Bind 8.2.3, query-restart on expired NS and A record

Wed Oct 10 13:31:30 UTC 2001

[Mark.Andrews at isc.org: Wed, Oct 10, 2001 at 10:19:13AM +1000]
> 
> > does a bind 8.2.3 stub resolver ever overwrite existing cache entries
> > with records received from an additional section for the same record?
> 
> 	Well given that the stub resolver doesn't have a cache this
> 	does not make sence the way it was written.

you and kevin are right here: I meant a recursive server. sorry for
the confusion.

>	The nameserver does not refresh TTL based on answers it
> 	receives (though earlier versions did creating server lock).

I think this is the source of my problem.. Bind 8 does not refresh
TTLs even for expired records - expired records must first be
explicitly deleted before a record with a fresh TTL will take their
place.. I think this can be problematic with respect to glue
records.
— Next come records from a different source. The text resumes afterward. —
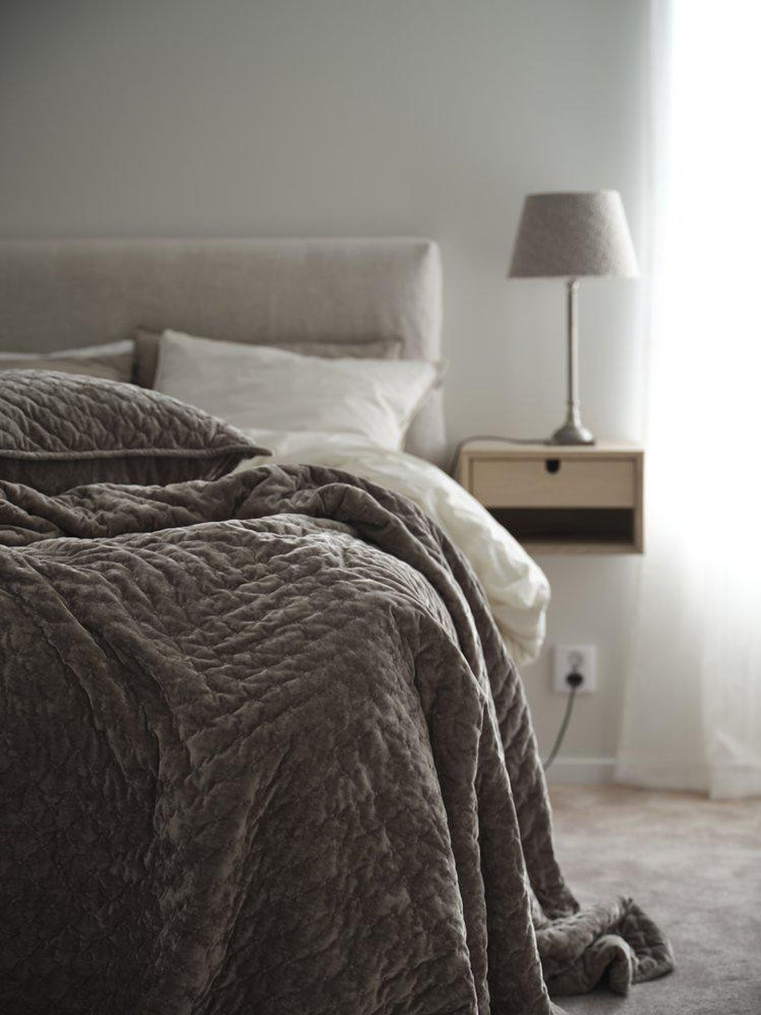 - Material: 100% polyester (PES) i mörkbrun sammet.
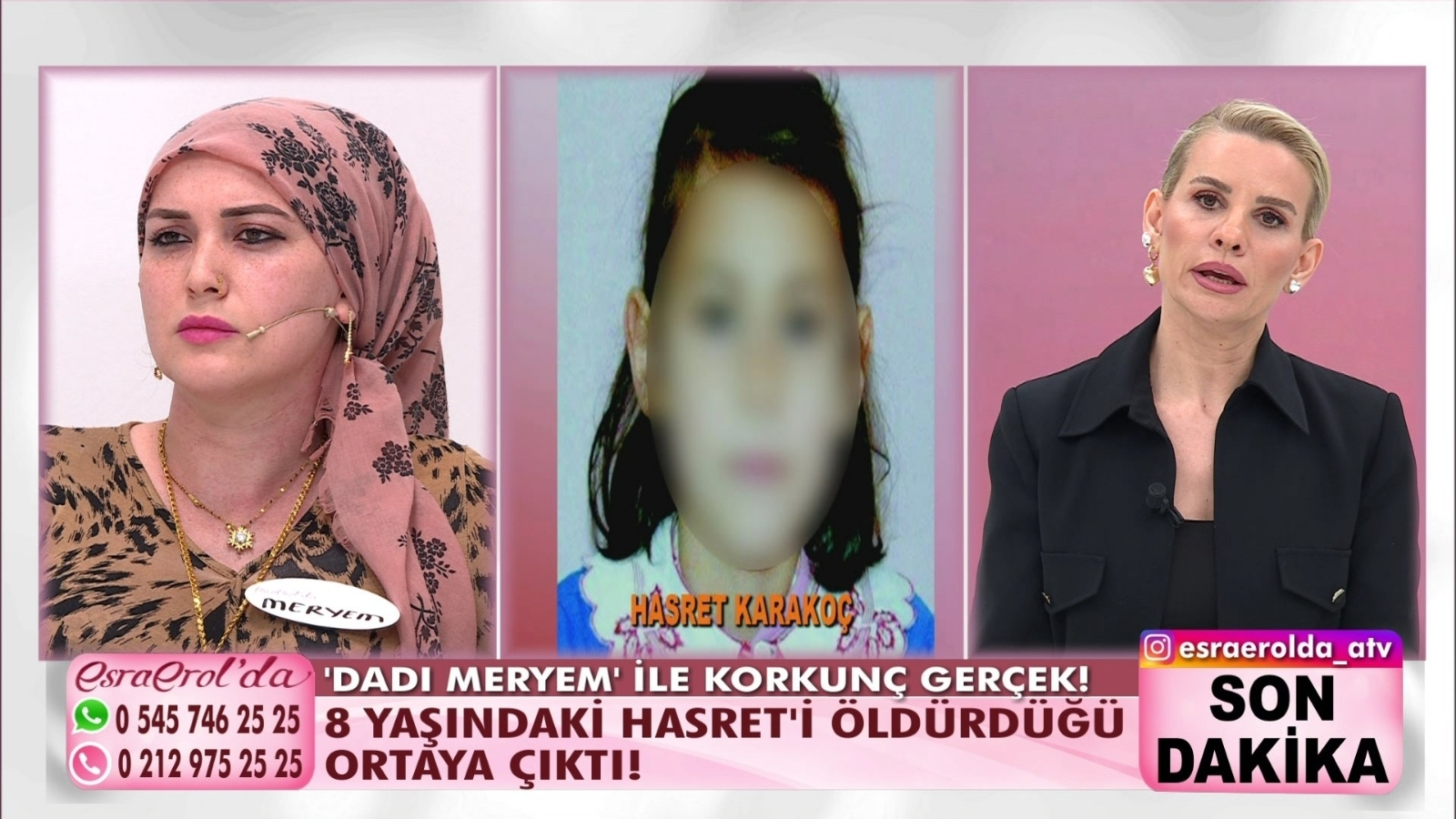 16 yaşındayken 8 yaşındaki bir kız çocuğunu diri diri gömerek öldürdüğü ortaya çıkan Dadı Meryem’in üstelik erkek olduğu ve hapishaneden çıktıktan sonra cinsiyet değiştirdiği öğrenildi. Geçmişteki adı Serkan olduğu anlaşılan Dadı Meryem, cinsiyet değiştirdikten sonra ise dadı olarak çalışmaya başlamış. 9 yıl hapis cezası çeken ve sonrasında cinsiyet değiştirerek geçmişini gizlemek isteyen Dadı Meryem’in çocukların yanına yaklaşmaması gerektiğini söyleyen Esra Erol’un bu açıklamaları ihanet ile birbirini suçlayan aileyi de çok şaşırttı.
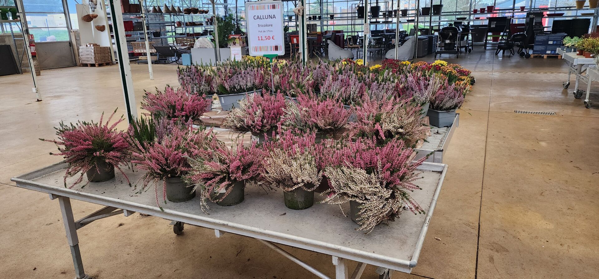 Sur 2 tables mobiles, un lot de 12 jardinières de 40cm de Calluna Carnaval et un lot de 10 pots de 17cm de Calluna Tricolore sans les tables

I'll back it up with a bind trace in a second.

But the setting is this: the cache has a stale A record for
gluetest.limey.net, it also has a stale NS record for
gluetest.limey.net (that delegates to px.limey.net), and it also has a
stale A record for px.limey.net. It has 2 fresh NS records for
limey.net (delegating to sidehack.gweep.net and ayup.limey.net) as
well as a fresh A records for sidehack and ayup.
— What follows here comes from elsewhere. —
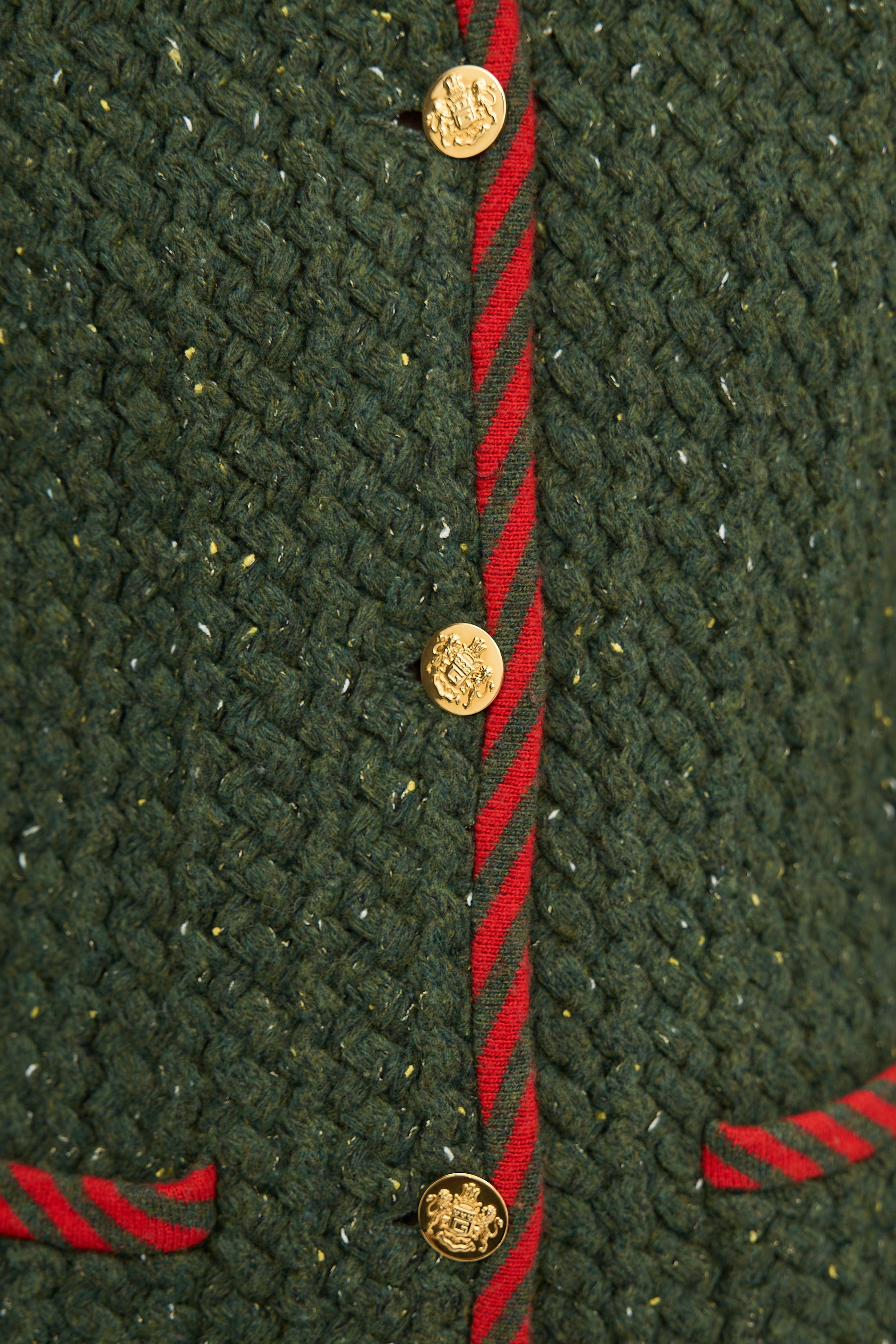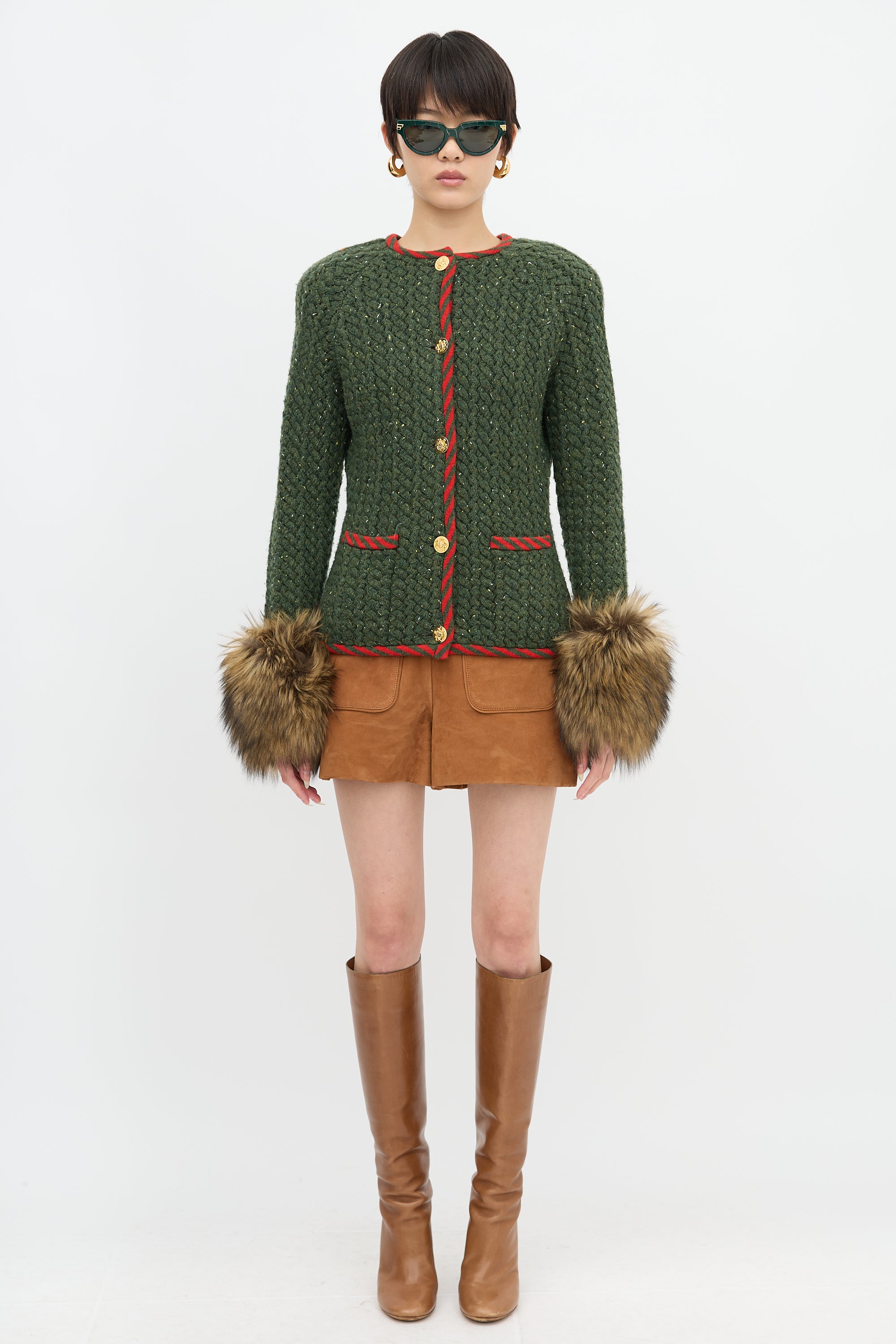Pre-owned Gucci green knit jacket featuring round neckline, gold tone front buttons with crest motif, two front patch pockets, padded shoulders, removable fur cuffs, and red striped trim at collar, placket, pocket edges, and hem.

[** First we find the A for gluetest.limey.net, figure out that it's
    stale and delete it. **]
req: found 'gluetest.limey.net' as 'gluetest.limey.net' (cname=0)
stale: ttl 1002571133 -7 (x2)
delete_all(0x80ef0e0:"gluetest" IN A)

[** The best we can do with what is fresh is to contact the limey.net
     nameservers. They reply with an NS record and a glue record **]
nslookup(nsp=0xbfbfeaf8, qp=0x810f000, "gluetest.limey.net")
nslookup: NS "AYUP.limey.net" c=1 t=2 (flags 0x2)
nslookup: NS "SIDEHACK.GWEEP.net" c=1 t=2 (flags 0x2)
nslookup: 2 ns addrs total
forw: forw -> [65.105.101.18].53 ds=4 nsid=1531 id=37409 18ms retry
4sec
Response (USER NORMAL -) nsid=1531 id=37409
gluetest.limey.net.     1m41s IN NS     px.limey.net.
px.limey.net.           4m1s IN A       204.168.16.17
rrextract: dname gluetest.limey.net type 2 class 1 ttl 100
rrextract: dname px.limey.net type 1 class 1 ttl 100

[** Now, as I understand it, we check the extracted records against
  the existing cache.. The NS records doesn't match anything (we just
  deleted it, but px.limey.net matches an existing record. That record
  is stale, but we pay no heed **]
rrsetupdate: gluetest.limey.net
rrsetcmp: no records in database
rrsetupdate: gluetest.limey.net 0
rrsetupdate: px.limey.net
rrsetcmp: rrsets matched

[** we now write the NS to the cache.. but not the A. When I run this
    same trace on a clean cache it writes both the NS and the A here. **]
db_update(gluetest.limey.net, 0x810c1f8, 0x810c1f8, 0, 031, 0x80feca0)
db_update: adding 0x810c1f8

[** we now return to the business of following that delegation - but 
    the server can't find the px A record "wanted!" **]
resp: nlookup(gluetest.limey.net) qtype=1
resp: found 'gluetest.limey.net' as 'gluetest.limey.net' (cname=0)
wanted(0x810c1f8, IN A) [IN NS]

we now need to start a query for px.limey.net - that triggers the
query restart behavior and timeouts which started all of this in the
first place.. The problem seems to be that in order to get a TTL
updated you have to be explicitly deleted - and deletions only happen
when the cache has already looked up stale data.. because glue records
are really hints about future queries, they are not pre-emptively
deleted.

-P